What you return must match the records below character for character, except that no picture appears.

INPUT »
▬▬▬▬▬▬▬▬▬▬

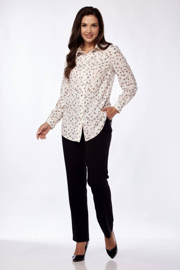 Блузка женская, прямого силуэта. Мультидизайн. Горловина круглая с отложным воротником на стойке. Застежка сквозная на петли и пуговицы. Рукав втачной, длинный с манжетом на застежку. Низ рукава оформлен манжетой на петли и пуговицы. Низ изделия фигурный. Брюки прямого силуэта. Пояс на застежке на молнию и на пуговицу. Карманы боковые прорезные.
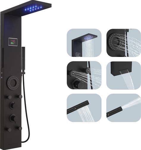 LED Rainfall Shower Tower System Stainless Steel 6 Body Jets Black - Black - 2-In-1 Body Jets
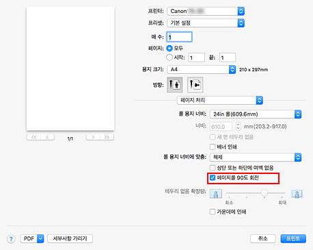 • 프린트 대화 상자의 용지 크기(Paper Size)에서 세로형 용지를 선택한 경우 그 길이가 롤 용지 너비(Roll Paper Width)에서 선택한 너비를 초과하면 페이지를 90도 회전(Rotate Page 90 degrees)을 사용할 수 없습니다.
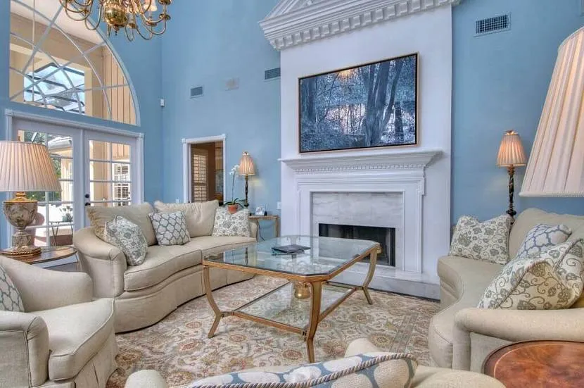 Неоклассицизм. Голубой привнесет в интерьер торжественность и простор. Витиеватая мебель, необычные, но богатые принты. Темные массивные предметы станут завершающим акцентом.
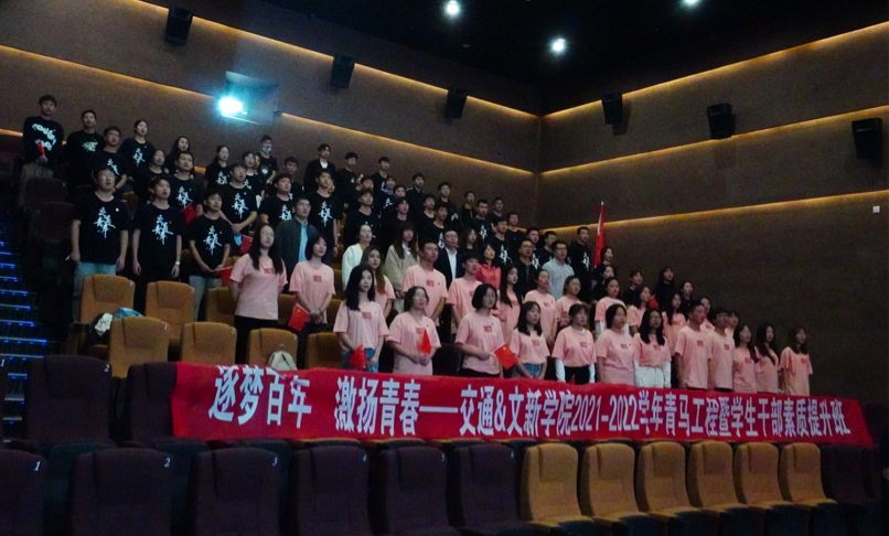 为传承红色基因,提升学生干部素质,10月19日晚,威廉体育williamhill文新学院与交通学院联合开展2021-2022学年青马工程暨学生干部素质提升班观影活动,在万达影城集体观看红色影片《长津湖》,我院党委副书记刘莎、交通学院党委副书记涂道勇出席活动,师生共计100余人参加。
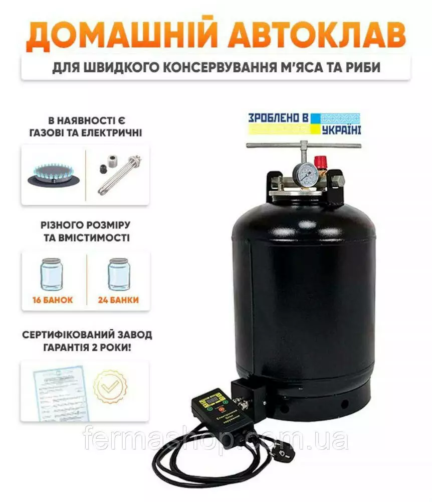 Автоклав предназначен для работы в домашних условиях, как стерилизатор пищевых продуктов для стерилизации и консервирования мяса, птицы, рыбы, овощей, фруктов, соков, компотов, паштетов и других продуктов в натуральном соку без применения консервантов, расфасованных и укупоренных сырыми в стеклянные банки.
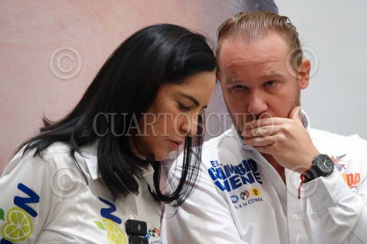 CIUDAD DE MÉXICO, 27MAYO2024.- Lía Limón, candidata a la alcaldía de Álvaro Obregón, y Santiago Taboada, candidato a Jefe de Gobierno, conversaron durante una conferencia de prensa realizada en el Holiday Inn-Mexico Plaza Universidad. FOTO: GRACIELA LÓPEZ /CUARTOSCURO.COM
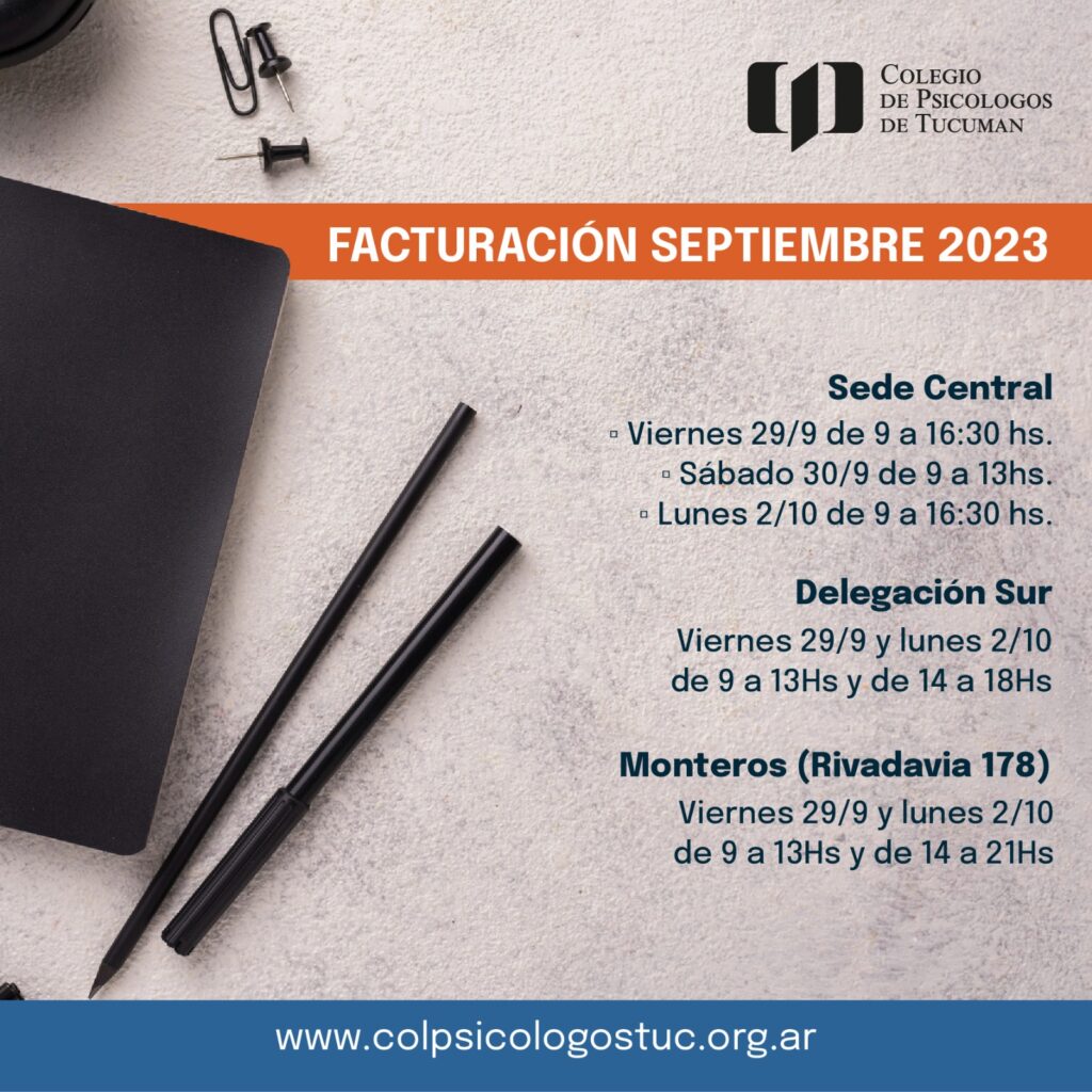 Importante, les recordamos las fechas y horarios habilitados para presentar la facturación de septiembre Sep 26, 2023 | Noticias Sede CentralViernes 29/9 de 9 a 16:30 hs.Sábado 30/9 de 9 a 13hs.Lunes 2/10 de 9 a 16:30 hs.Delegación SurViernes 29/9 y lunes 2/10 de 9 a 13Hs y de 14 a 18HsMonteros (Rivadavia 178)Viernes 29/9 y lunes 2/10 de 9 a 13Hs y de 14 a 21Hs
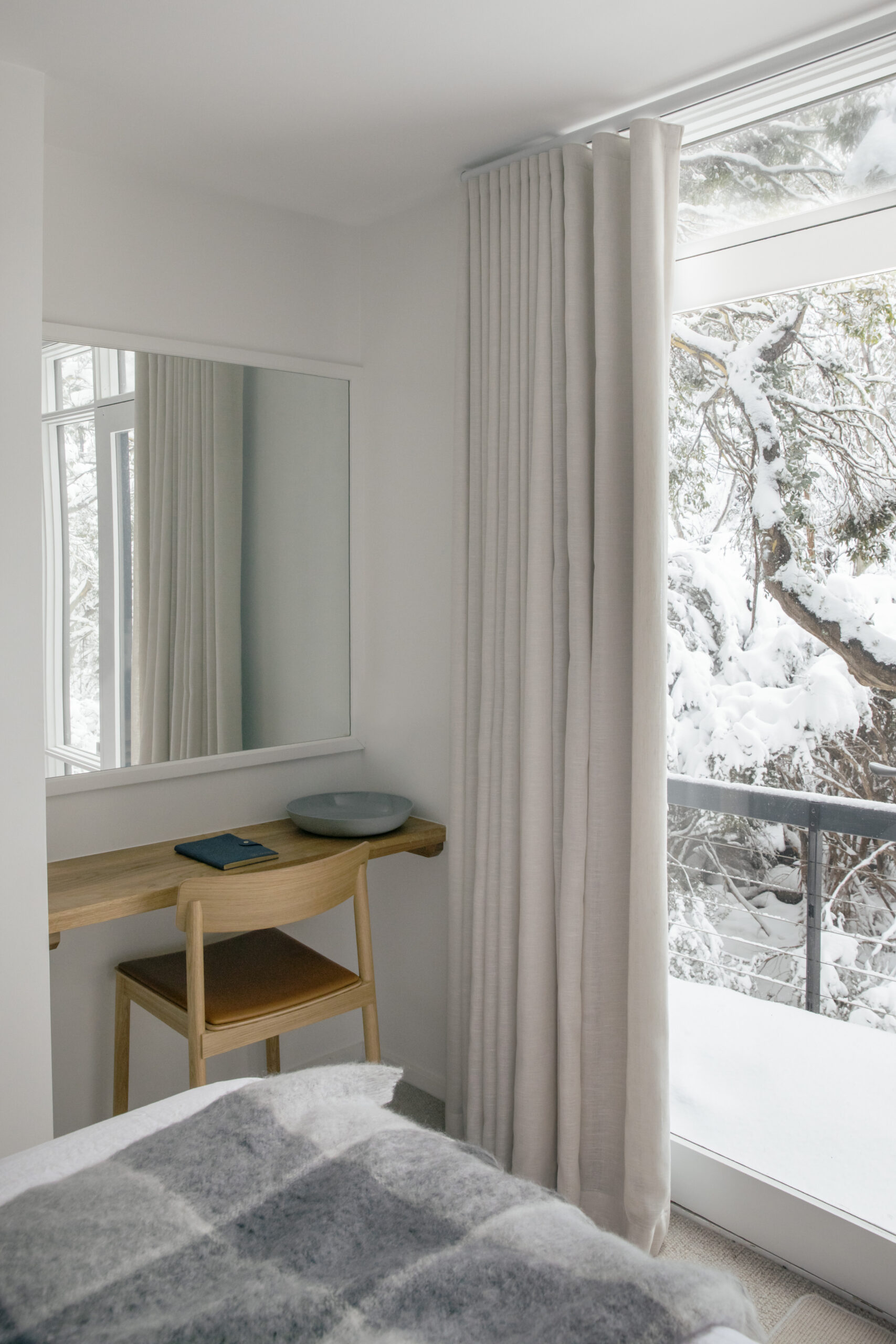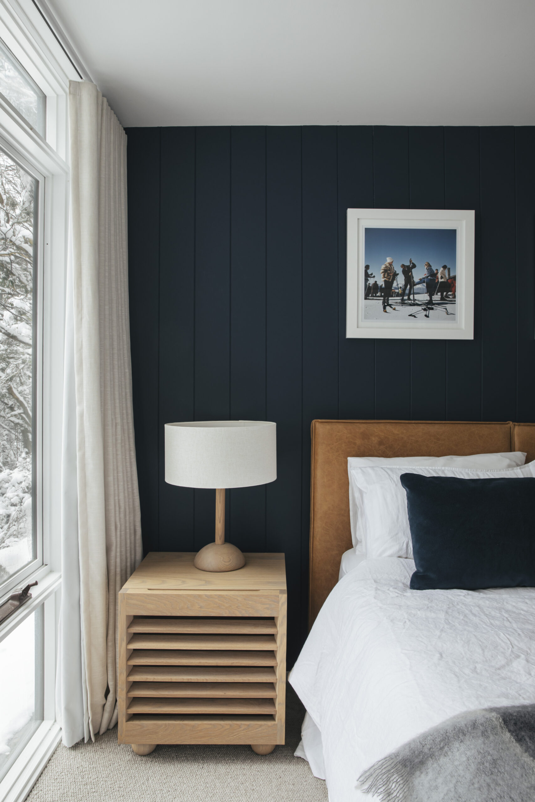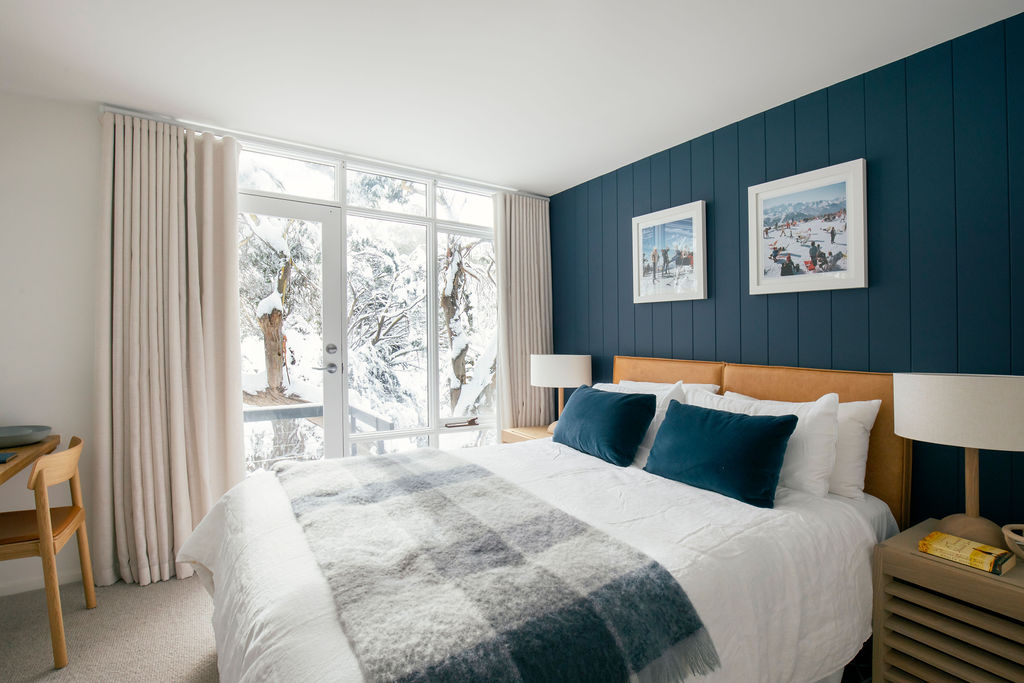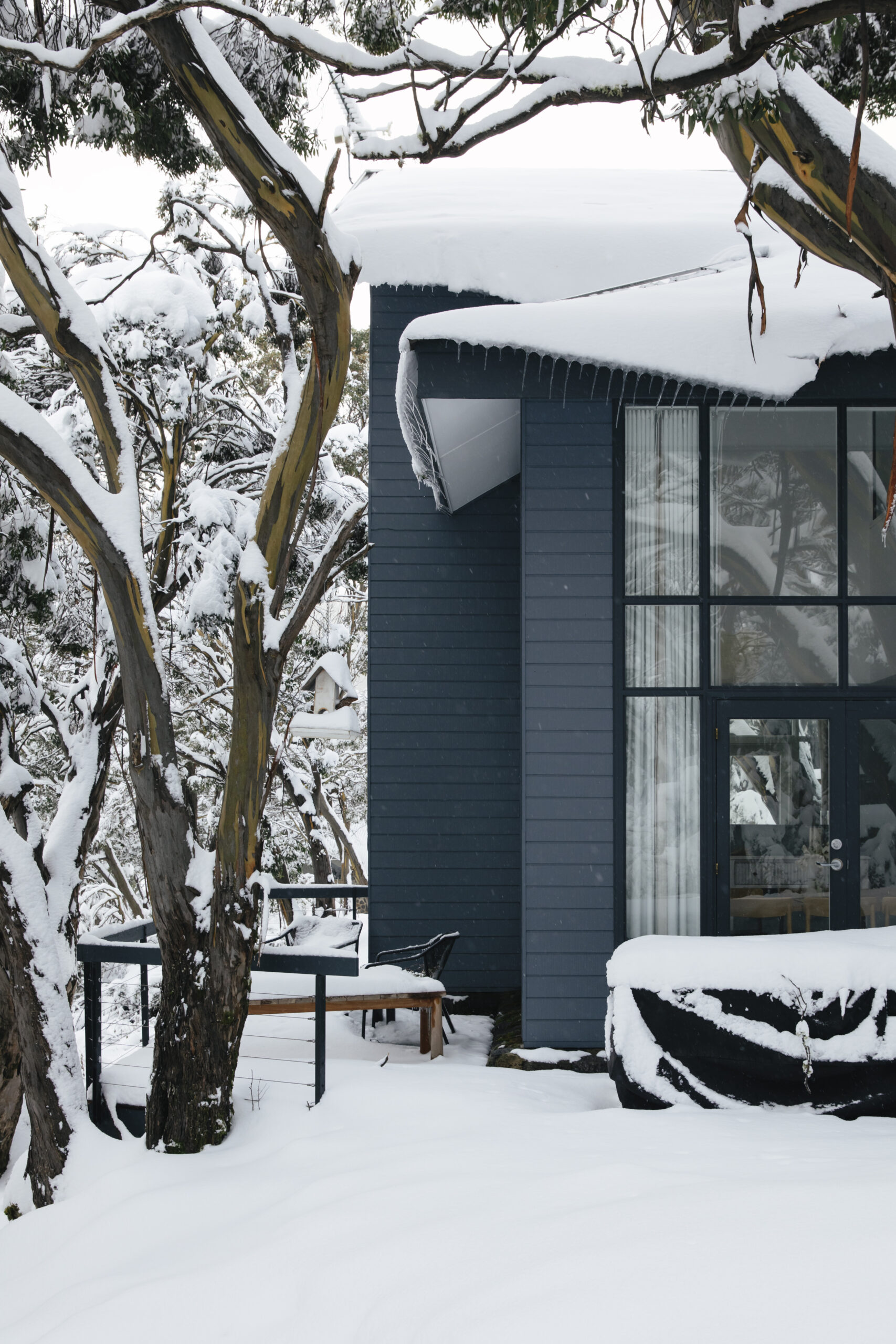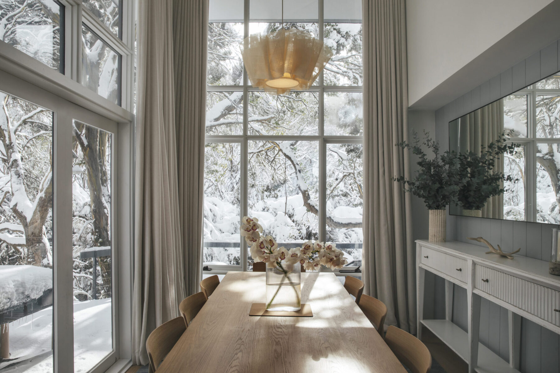 Through a rich colour palette inspired by the Snowy Mountains, forms and textures were utilised to bring a sense of warmth and calmness to mirroring the elegance of the landscape. Light and colour played an important role for this home, in particular the deep Newport Blue by Porters Paint, paired back with Australian timbers, natural light and soft tan leathers. The exterior colours Gunmetal Grey and Squid Ink trims, bring out the colours in the exterior stonework.
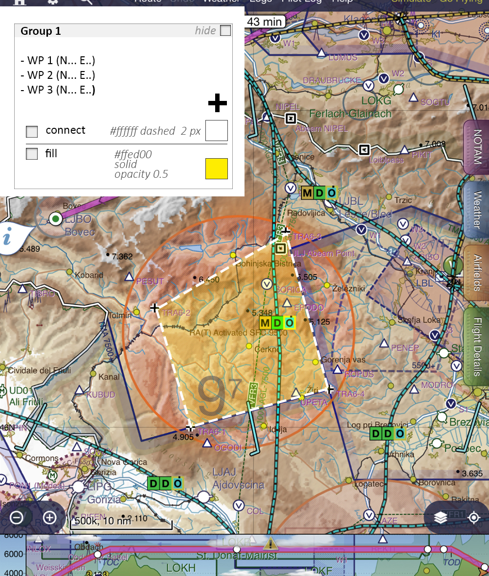 I recently planned a flight to Slovenia, where currently Adriatic Strike is taking place (after 2016 the second time now I stumbled over this problem). There are certain flight restrictions which are unfortunately not shown in SykDemon. All you can see is the red circle with the NOTAM information. I found respective coordinates at the official SloveniaControl website and simply added them as user waypoints to my SkyDemon device. I at least had the edge points that way.
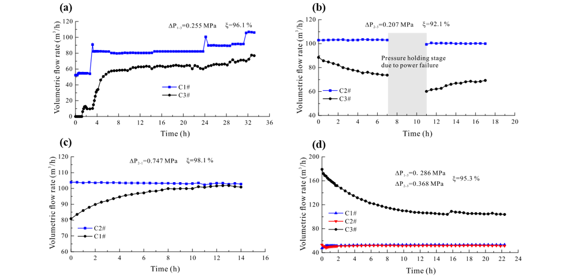 大型现场注卤排卤试验结果(图4)表明,四组试验的注采比均高于92%,表明试验过程中卤水损失量较小。现场试验结果揭示沉渣空隙水力连通性良好,比如,“一注一排”(图2c)试验中沉渣通道长达600 m以上,而卤水沿程压力总损失仅为0.747 MPa(图4c)。沉渣空隙率最高可达40%、渗透率介于10-9至10-11㎡范围。现场试验成果量化了沉渣空隙连通性和可储能力,论证了利用盐矿沉渣空隙储气这一设想,突破了高杂质盐矿建库瓶颈,消除了各界对于利用盐矿沉渣空隙储气的疑虑,极大提高了库容和盐矿资源的利用率。

▬▬▬▬▬▬▬▬▬▬

EXPECTED ANSWER »
 Блузка женская, прямого силуэта. Мультидизайн. Горловина круглая с отложным воротником на стойке. Застежка сквозная на петли и пуговицы. Рукав втачной, длинный с манжетом на застежку. Низ рукава оформлен манжетой на петли и пуговицы. Низ изделия фигурный. Брюки прямого силуэта. Пояс на застежке на молнию и на пуговицу. Карманы боковые прорезные.
 LED Rainfall Shower Tower System Stainless Steel 6 Body Jets Black - Black - 2-In-1 Body Jets
 • 프린트 대화 상자의 용지 크기(Paper Size)에서 세로형 용지를 선택한 경우 그 길이가 롤 용지 너비(Roll Paper Width)에서 선택한 너비를 초과하면 페이지를 90도 회전(Rotate Page 90 degrees)을 사용할 수 없습니다.
 Неоклассицизм. Голубой привнесет в интерьер торжественность и простор. Витиеватая мебель, необычные, но богатые принты. Темные массивные предметы станут завершающим акцентом.
 为传承红色基因,提升学生干部素质,10月19日晚,威廉体育williamhill文新学院与交通学院联合开展2021-2022学年青马工程暨学生干部素质提升班观影活动,在万达影城集体观看红色影片《长津湖》,我院党委副书记刘莎、交通学院党委副书记涂道勇出席活动,师生共计100余人参加。
 Автоклав предназначен для работы в домашних условиях, как стерилизатор пищевых продуктов для стерилизации и консервирования мяса, птицы, рыбы, овощей, фруктов, соков, компотов, паштетов и других продуктов в натуральном соку без применения консервантов, расфасованных и укупоренных сырыми в стеклянные банки.
 CIUDAD DE MÉXICO, 27MAYO2024.- Lía Limón, candidata a la alcaldía de Álvaro Obregón, y Santiago Taboada, candidato a Jefe de Gobierno, conversaron durante una conferencia de prensa realizada en el Holiday Inn-Mexico Plaza Universidad. FOTO: GRACIELA LÓPEZ /CUARTOSCURO.COM
 Importante, les recordamos las fechas y horarios habilitados para presentar la facturación de septiembre Sep 26, 2023 | Noticias Sede CentralViernes 29/9 de 9 a 16:30 hs.Sábado 30/9 de 9 a 13hs.Lunes 2/10 de 9 a 16:30 hs.Delegación SurViernes 29/9 y lunes 2/10 de 9 a 13Hs y de 14 a 18HsMonteros (Rivadavia 178)Viernes 29/9 y lunes 2/10 de 9 a 13Hs y de 14 a 21Hs
 Through a rich colour palette inspired by the Snowy Mountains, forms and textures were utilised to bring a sense of warmth and calmness to mirroring the elegance of the landscape. Light and colour played an important role for this home, in particular the deep Newport Blue by Porters Paint, paired back with Australian timbers, natural light and soft tan leathers. The exterior colours Gunmetal Grey and Squid Ink trims, bring out the colours in the exterior stonework.
 I recently planned a flight to Slovenia, where currently Adriatic Strike is taking place (after 2016 the second time now I stumbled over this problem). There are certain flight restrictions which are unfortunately not shown in SykDemon. All you can see is the red circle with the NOTAM information. I found respective coordinates at the official SloveniaControl website and simply added them as user waypoints to my SkyDemon device. I at least had the edge points that way.
 大型现场注卤排卤试验结果(图4)表明,四组试验的注采比均高于92%,表明试验过程中卤水损失量较小。现场试验结果揭示沉渣空隙水力连通性良好,比如,“一注一排”(图2c)试验中沉渣通道长达600 m以上,而卤水沿程压力总损失仅为0.747 MPa(图4c)。沉渣空隙率最高可达40%、渗透率介于10-9至10-11㎡范围。现场试验成果量化了沉渣空隙连通性和可储能力,论证了利用盐矿沉渣空隙储气这一设想,突破了高杂质盐矿建库瓶颈,消除了各界对于利用盐矿沉渣空隙储气的疑虑,极大提高了库容和盐矿资源的利用率。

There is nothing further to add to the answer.